По данным культурно-контрастивных исследований, в японском дискурсе используется в три раза больше слушательских сигналов, чем в американском1; немецкие реципиенты посылают гораздо больше таких сигналов, чем китайские (GÜNTHNER 1993: 180). Специалией китайской организации дискурса являются т.н. “эхо реципиента” (“слушательские эхо”), т.е. повторение слушателем части только что сказанного партнером по коммуникации как бы в подтверждение того, что информация дошла до получателя (GÜNTHNER 1993: 47).

Дискурсивно-специфические явления могут быть связаны также с интонацией и супрасегментальным ударением:

“... нисходящая интонация во многих европейских языках соответствует утвердительному предложению, но в некоторых южно-индийских2, напротив, – вопросу. Модуляция высоты тона у британцев представляется нам несколько аффектированной, в то время как там она считается нормальной для ‘образованного’ человека. В европейских языках ударение ставится на том, что кажется говорящему особенно важным, а в юго-восточных языках сильнее ударяется вводная часть, отсылающая к уже изложенному” (LOSCHE 1995: 48).

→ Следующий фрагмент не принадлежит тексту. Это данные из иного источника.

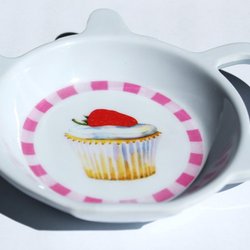 Tepåsfat Cupcake Jordgubbe Fat till tepåse i Melamin
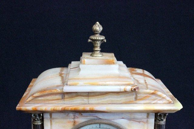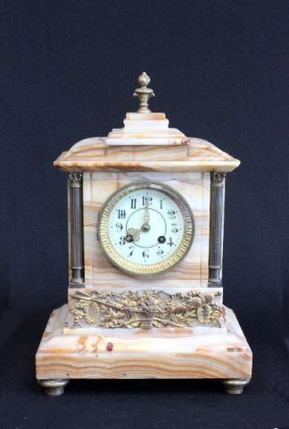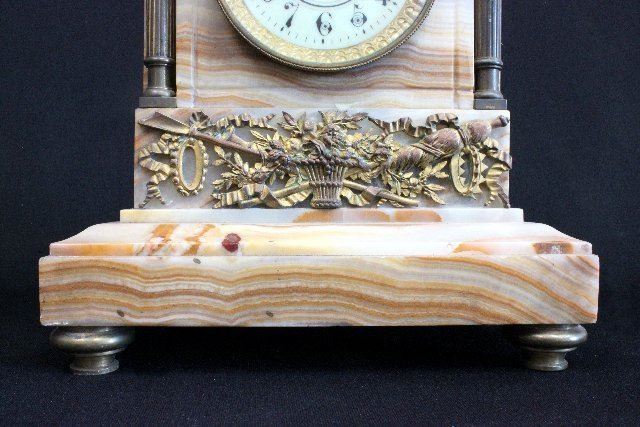 With bronze frieze depicting basket of flowers. Approx. 15 1/2" H to top of finial x 10" W x 6" D. (3249)

Подобные примеры можно отыскать и в более родственных языках – в частности, немецкая нисходяще-восходящая интонация в предложениях типа Hast du diese Aufgabe selbst gelöst, oder hat dir dein Vater geholfen? многим русским кажется признаком иронии, подвоха и т.п.

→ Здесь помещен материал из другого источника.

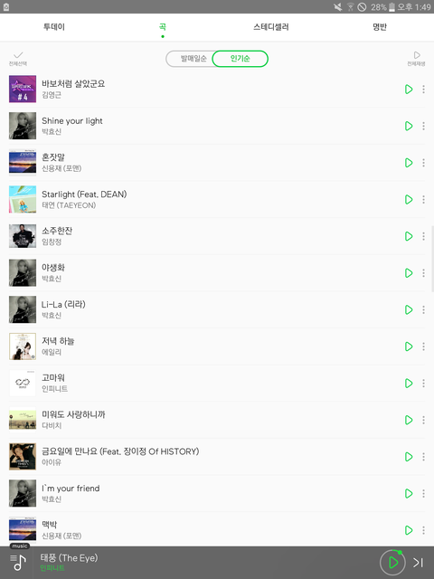 멜론 장르별로 볼수있는거 참 좋은거같다..

Паралингвистическое средство громкости голоса3 в некоторых африканских и арабских языках используется для того, чтобы добиться смены говорящего:

“Такое одновременное, громкое говорение не соответствует нормальной схеме ведения разговора в европейских культурах, где является индикатором спора и иных проблем во взаимоотношениях между коммуникантами” (KNAPP 1995: 15).


3.2.3. Очуждение в корреляции языковой Кодх – языковой Коду и Дискурсх – Дискурсу


Свидетельством того, что язык способен “очуждаться”, может послужить немецкое слово Fremdsprache (“иностранный язык”, буквально означающее “чужой язык”). Эта параллель в свое время бросилась в глаза авторитетному немецкому лингвисту и филологу Х. Вайнриху, опубликовавшему в 1985 году1 статью с названием “Fremdsprachen als fremde Sprachen” (= “Иностранные языки как чужие языки”). Правда, он сконцентрировался, к сожалению, лишь на самом низком уровне языка – фонетике и графемике. Тем не менее, в ней содержатся отдельные мысли, перекликающиеся с развиваемой в данной работе концепцией очуждения, ср. его определение акцента как

“... остающейся, несмотря на возможно совершенное в остальном владение языком, чуждости” (WEINRICH 1993: 143-144).

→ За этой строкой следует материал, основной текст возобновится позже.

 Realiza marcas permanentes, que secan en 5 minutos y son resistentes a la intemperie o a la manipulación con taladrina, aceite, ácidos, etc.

На наш взгляд, постановка вопроса, предложенная Х. Вайнрихом, может быть трансформирована в еще более масштабную проблему, в том числе и лингвофилософского характера, а именно, “иностранный язык как очужденный язык”. Ее основной тезис может быть сформулирован следующим образом: “очужденный” Языкх не равен “своему” (т.е. родному) Языкух, и мы вправе рассматривать их как относительно автономные формы существования данного языка. В этом смысле категория “очужденного языка” способна послужить родовым понятием для таких языковых вариантов, как ученический язык, язык мигрантов, детский язык, афазия и т.д. (ср. (BÖRNER, VOGEL 1994: 13)). В настоящей работе мы будем ориентироваться прежде всего на ученический язык (включая его использование после формального окончания обучения) как наиболее “прототипический” вариант очужденного языка.

Решающим различием очужденного (иностранного) языка по отношению к “своему” (родному) языку является то, что он – образно говоря – “записывается” не на “чистом листе” детского сознания, а поверх уже существующих языковых знаний и сведений о мире. Используя другую метафору, можно сказать, что “клетки” языкового сознания по истечении определенного периода онтогенетического развития личности оказываются, во-первых, в большой степени заполненными, а, во-вторых, “размеры” (конфигурация, формы) самих “клеток” языкового сознания у людей, выросших в разной языковой среде, не совпадают. Задача “полного” изучения иностранного языка потребовала бы поэтому вытеснения и перестройки уже зафиксировавшихся формально-содержательных структур в сознании человека, что вряд ли возможно в обычных условиях и по достижении определенного возраста.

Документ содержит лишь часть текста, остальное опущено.